A confidential memorandum from the Food and Drug Administration’s vaccine division has revealed that agency officials have attributed the deaths of at least ten children to COVID-19 vaccinations. Dr. Vinay Prasad, director of the division, indicated in the Friday communiqué that these fatalities were connected to myocarditis, a form of heart inflammation recognized as a rare vaccine side effect.
The internal document, obtained by The New York Times but not formally released to the public, lacked critical details regarding the children’s ages, pre-existing health conditions, or the methodology used to establish causation between vaccination and death. The memo similarly omitted identification of the vaccine manufacturers involved in these cases.
This development represents a significant policy shift under Health Secretary Robert F. Kennedy Jr., a longstanding vaccine skeptic who has frequently characterized COVID-19 vaccines as unsafe. The current administration has implemented new policies restricting vaccine access primarily to individuals over 65 and younger populations with underlying medical conditions.
The scientific community remains divided on these findings. Dr. Paul Offit of Children’s Hospital of Philadelphia criticized the memo as ‘science by press release,’ noting the absence of contextual data comparing mortality rates between vaccinated and unvaccinated children. Medical experts emphasize that while vaccine-related myocarditis typically resolves quickly, virus-induced myocarditis often requires intensive care treatment.

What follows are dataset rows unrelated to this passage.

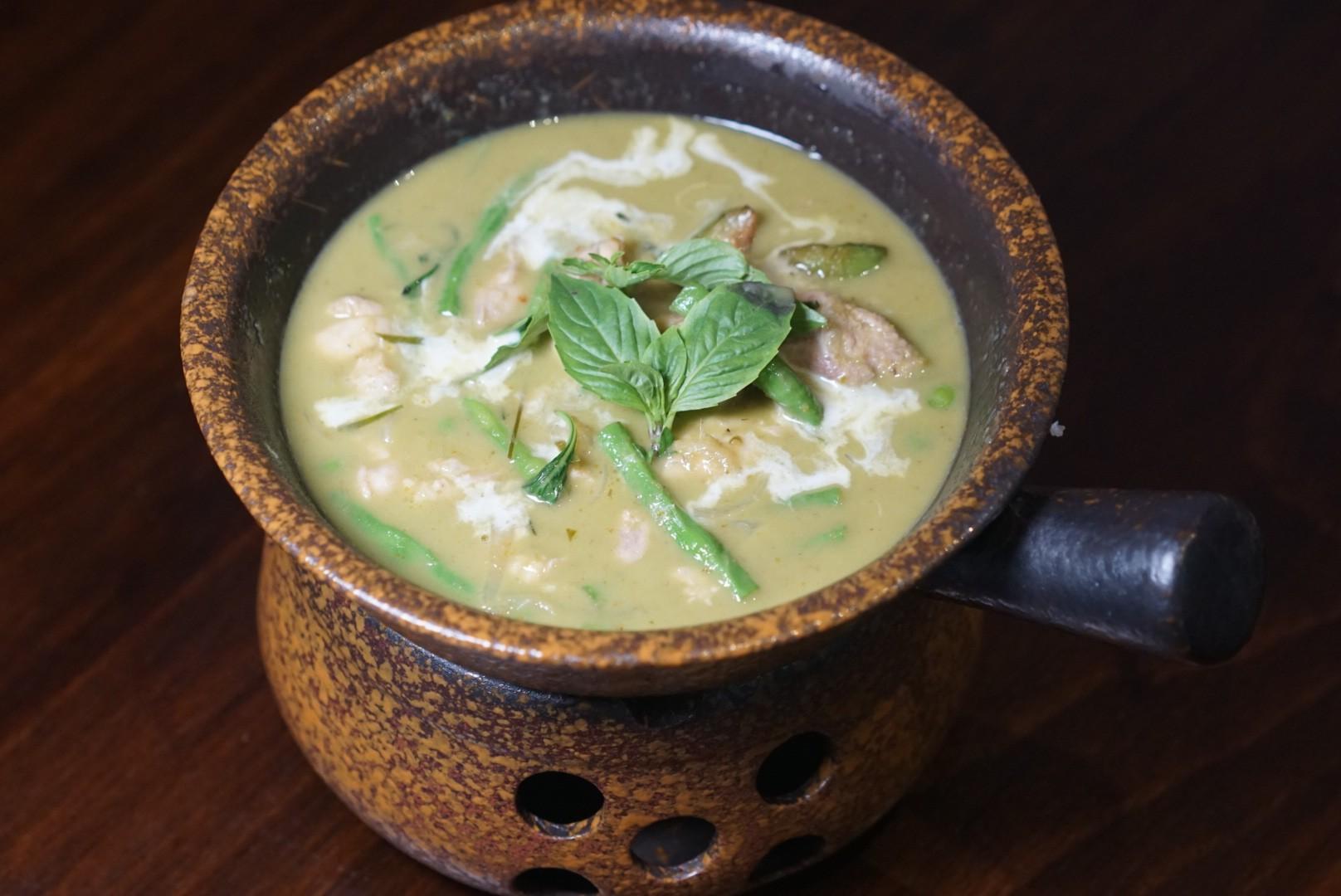 A verdant Green Curry Chicken (RMB58) is thick with coconut cream. Bobbing green beans and chunks of chicken in various sizes float along the top, swelling with the curry’s lemongrass-forward spice.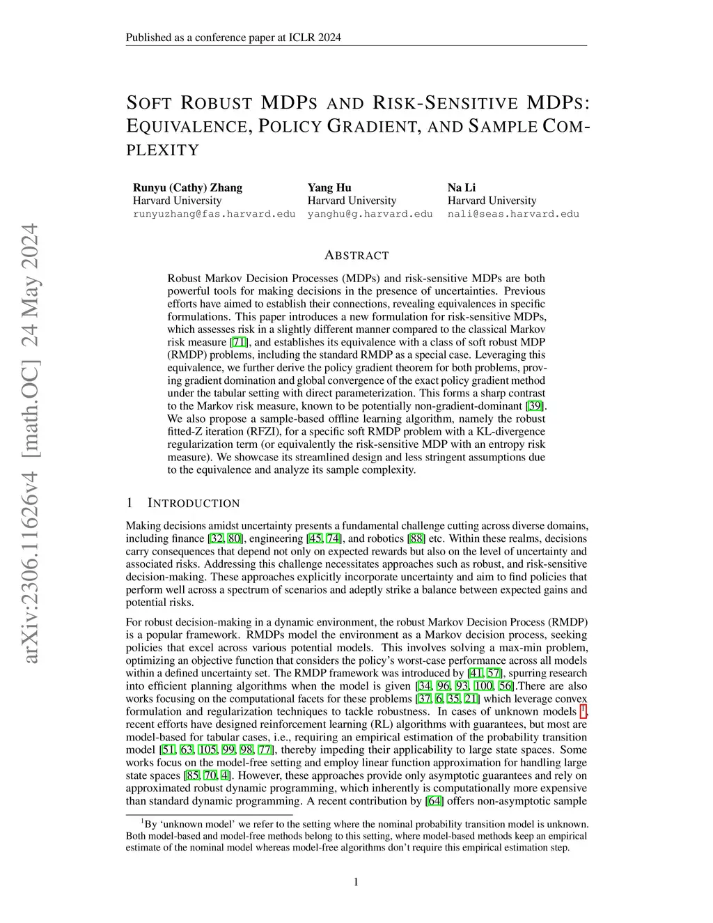 Soft Robust MDPs and Risk-Sensitive MDPs: Equivalence, Policy Gradient,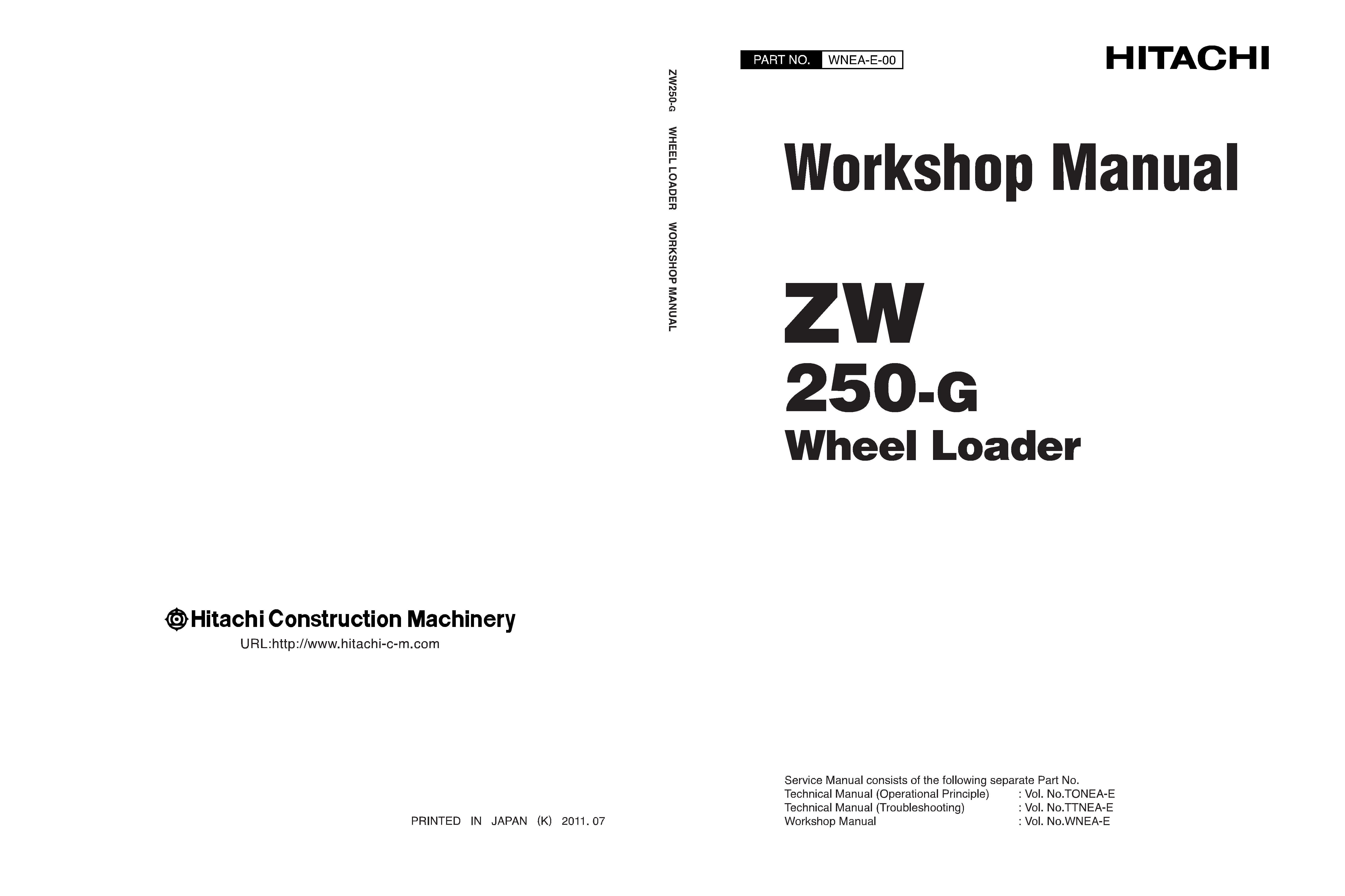It is Complete Original Factory covers all the service and repair information for Hitachi ZW250-G Wheel Loader.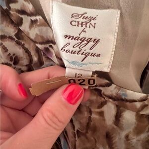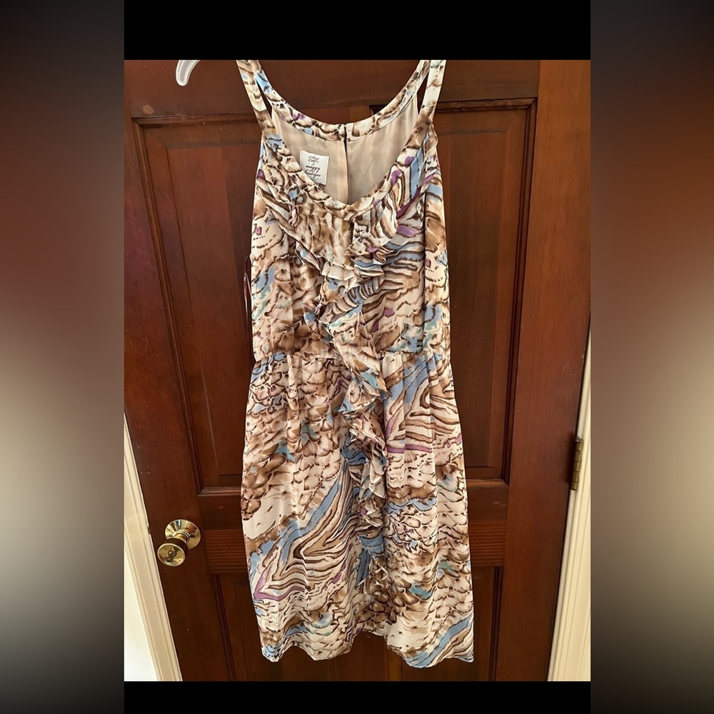 Stylish dress with ruffle details. Features a multicolor pattern with shades of brown, blue, and purple.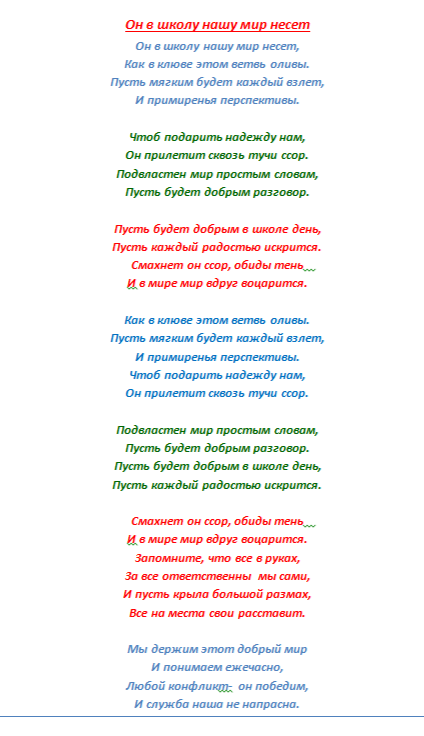 Немного из истории нашего символа. В 2019 году мы запустили конкурс среди ребят на выбор эмблемы школьной службы медиации. На конкурс поступило много работ, огромное количество из них были очень красивые, но нашей службе запомнился стих, который написала ученица 9 класса вместе с эмблемой голубя, которую мы представляем.
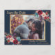 Cartão Postal De Anúncio Borgonha Azul Floral Foto Salve o Data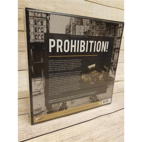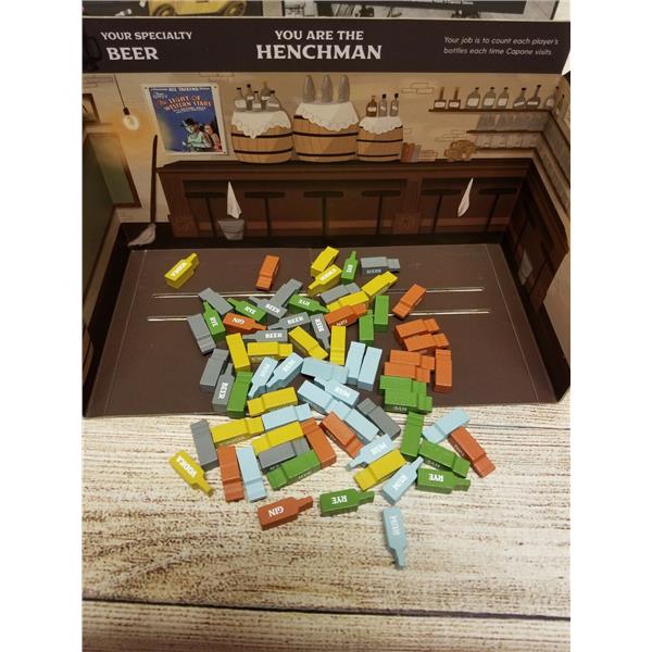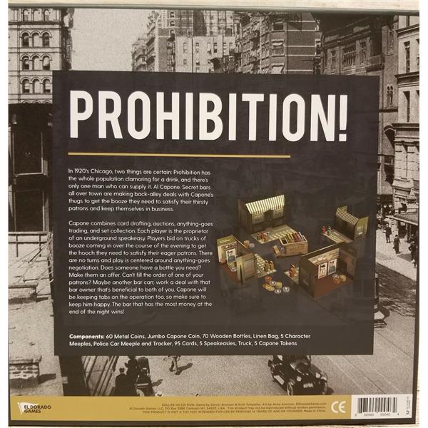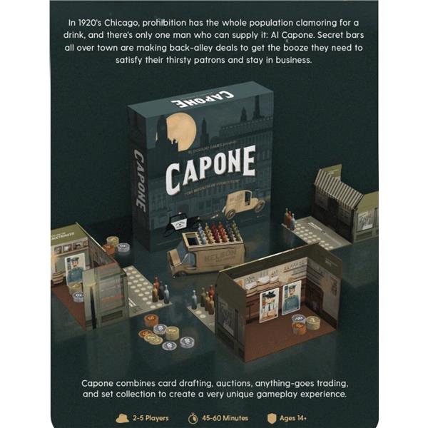 Capone combines card drafting, auctions, anything-goes trading, and set collection. Each player is the proprietor of an underground speakeasy. Players bid on trucks of booze coming in over the course of the evening to get the hooch they need to satisfy their eager patrons. There are no turns and play is centered around anything-goes negotiation. Does someone have a bottle you need? Make them an offer. Can't fill the order of one of your patrons? Maybe another bar can; work a deal with that bar owner that's beneficial to both of you. Capone will be keeping tabs on the operation too, so make sure to keep him happy. The bar that has the most money at the end of the night wins!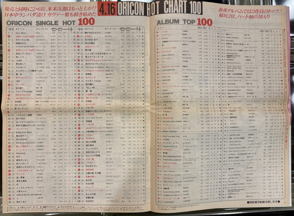 (1990年4月、FLYING KIDSのメジャーデビューシングル「幸せであるように」が初登場した時のオリコン。14位でした。)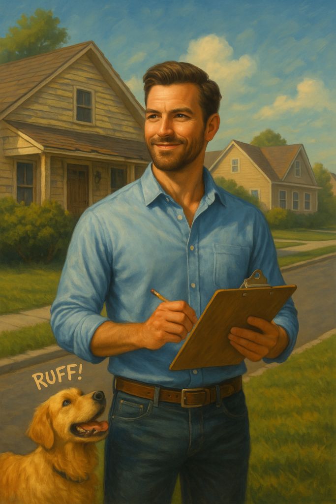 As she got closer, she saw him studying the property with laser focus, clipboard in hand, like he was either flipping it or planning a mission.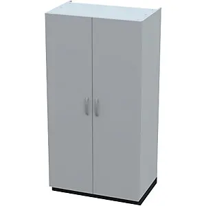 Schrankküche mit Flügeltüren und Kühlschrank. In 3 verschiedenen Breiten lieferbar. Der Schrank wird komplett montiert geliefert. Er besteht aus hochwertigen, melaminharzbeschichteten Spanplatten (19 mm). Türen mit einem Öffnungswinkel von 170°. Zur Ausstattung gehört eine Pantryabdeckung mit geprägter Abtropffläche und Resteausguss aus Edelstahl 1.4301 mit einem Becken. Zum Becken gehört eine Ab- und Überlaufgarnitur und ein Geruchsverschluss. Des Weiteren gehört eine Hahnlochbohrung mit Hahnlochstopfen sowie eine Sicherheitsschaltung zur Verhinderung des Betriebs der Kochplatten bei geschlossenen Türen zur Ausstattung. Die Sockelfarbe ist in der Standardausführung anthrazit. Weitere Ausstattung: 2 Massekochfelder (1 x Ø 145 mm mit 1000 W und 1 x Ø 180 mm mit 2000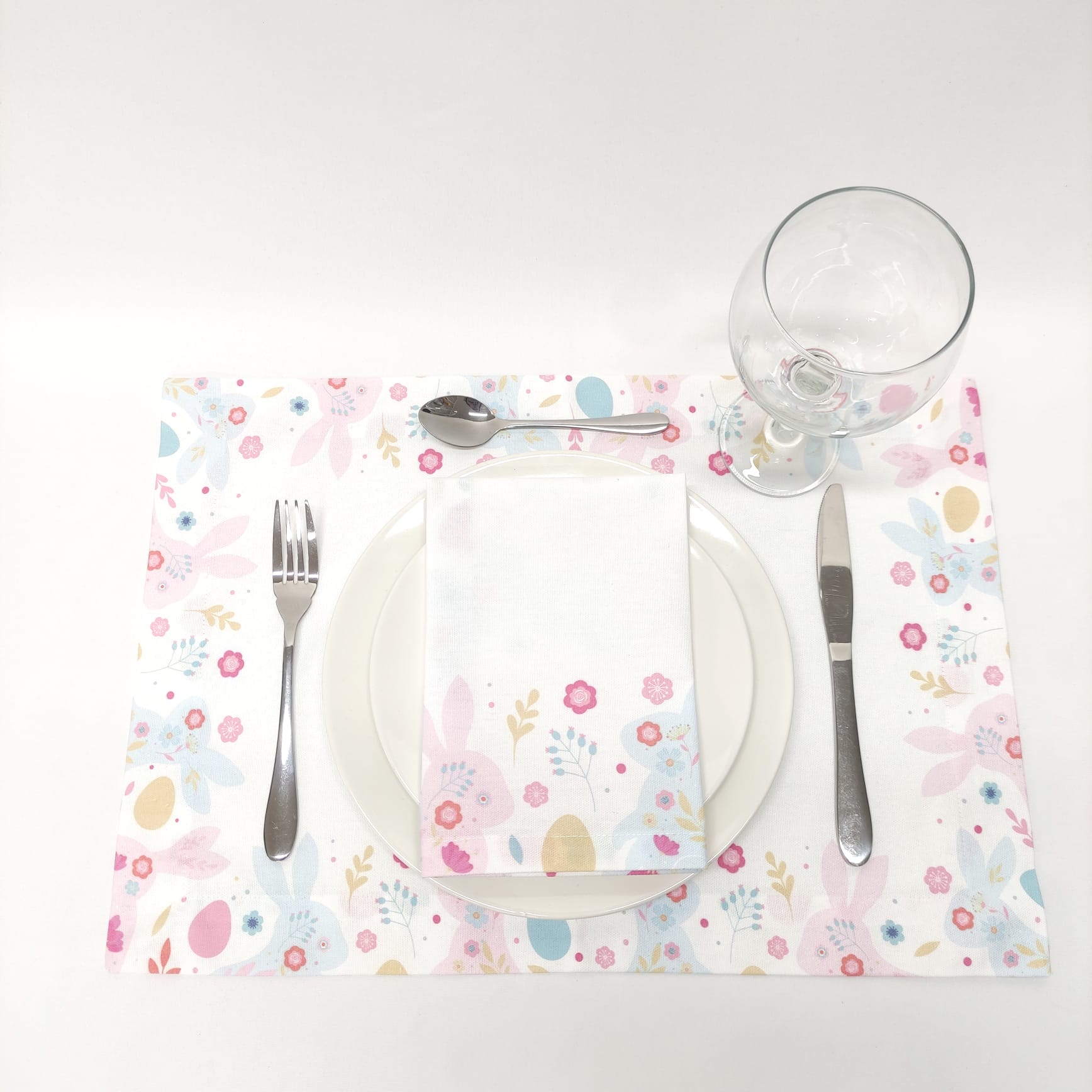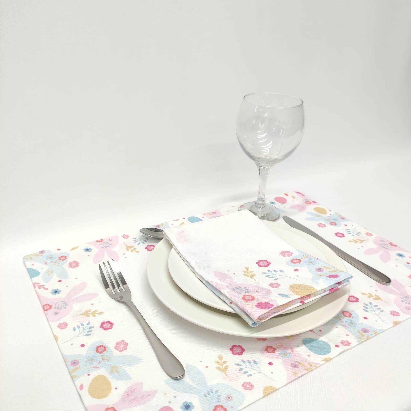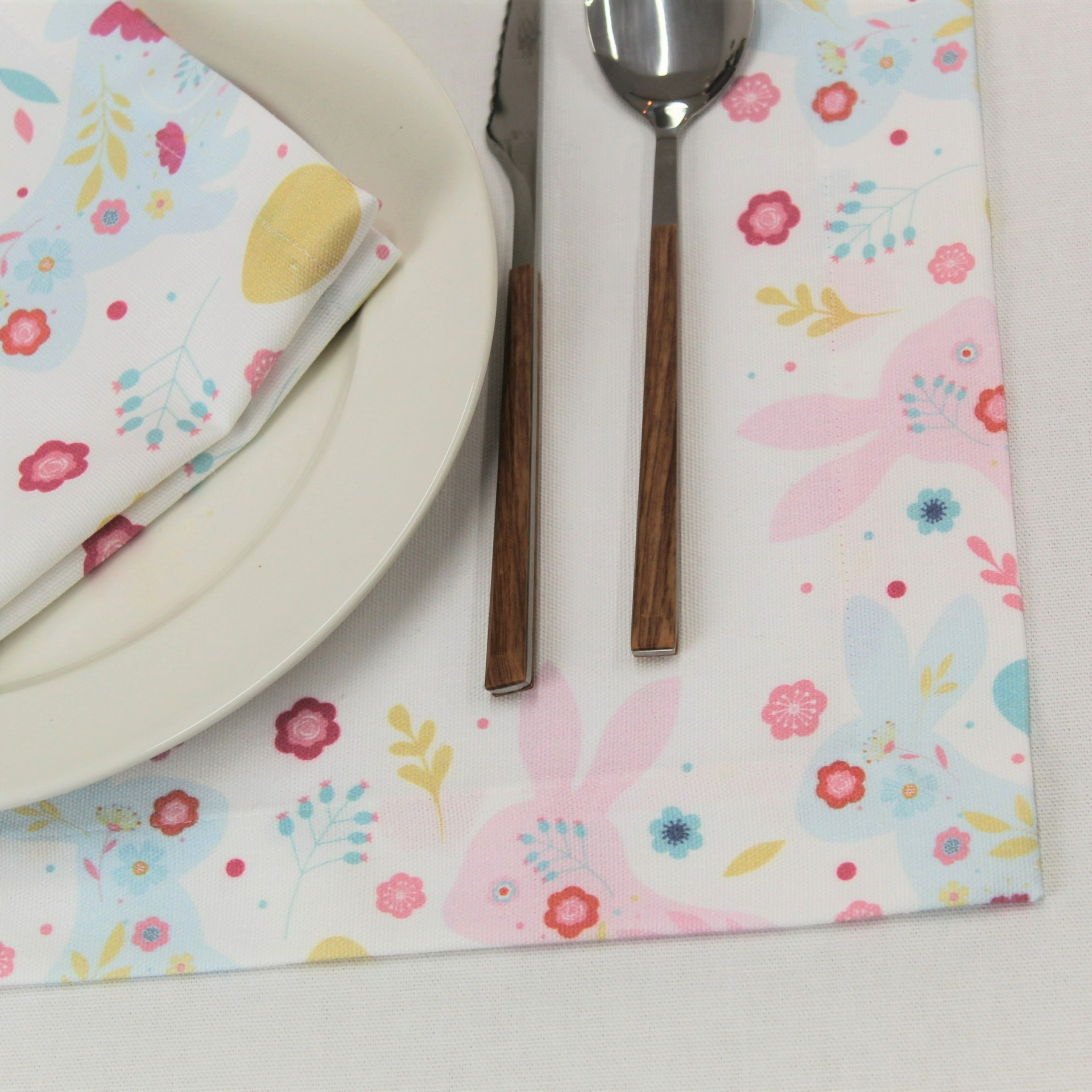 Individual de mesa, guardanapo e caminho de mesa em algodão com estampado Digital do Coelho da Páscoa.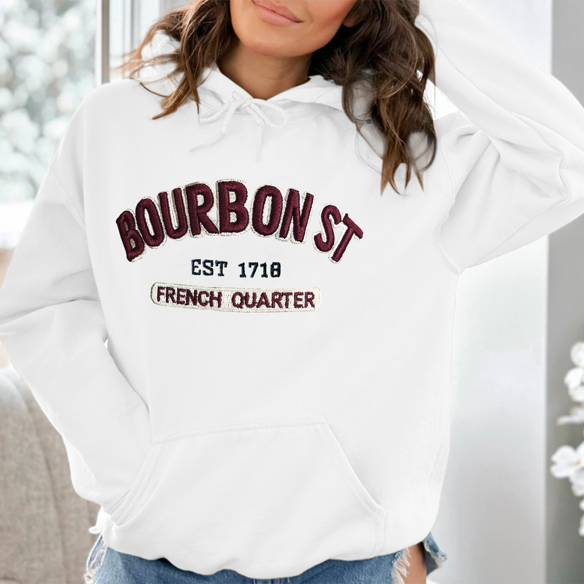 Bourbon Street Est 1718 French Quarter Print Long Sleeved Hoodie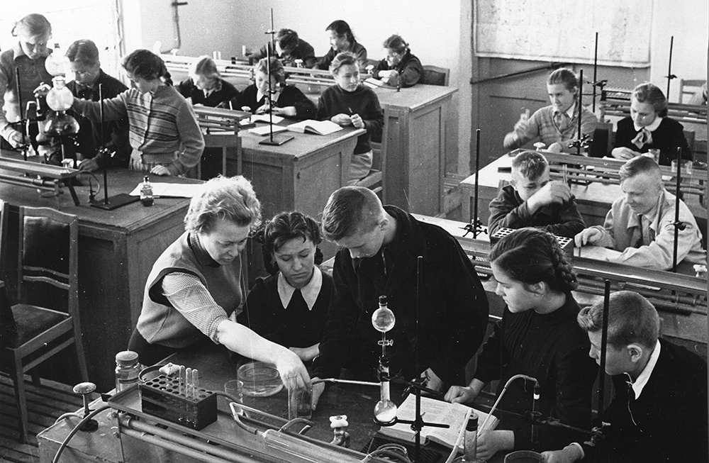 Урок по химии в восьмом классе средней школы имени А.С. Пушкина в Небит-Даге (нынешнем Балканабаде), Туркменская ССР.

The timing of the memo’s circulation precedes next week’s meeting of the CDC’s vaccine advisory committee, now populated with Kennedy-appointed members who support medical freedom principles. The committee is expected to review childhood vaccine schedules, including the hepatitis B vaccine for newborns, alongside COVID-19 vaccines.
Dr. Peter Marks, former FDA vaccine regulation chief, expressed concern about the memo’s ‘clearly political tone’ while acknowledging the need for further scrutiny of these complex cases. The FDA’s internal review was reportedly led by Dr. Tracy Beth Hoeg, a senior adviser with documented vaccine skepticism, and reviewed by agency teams.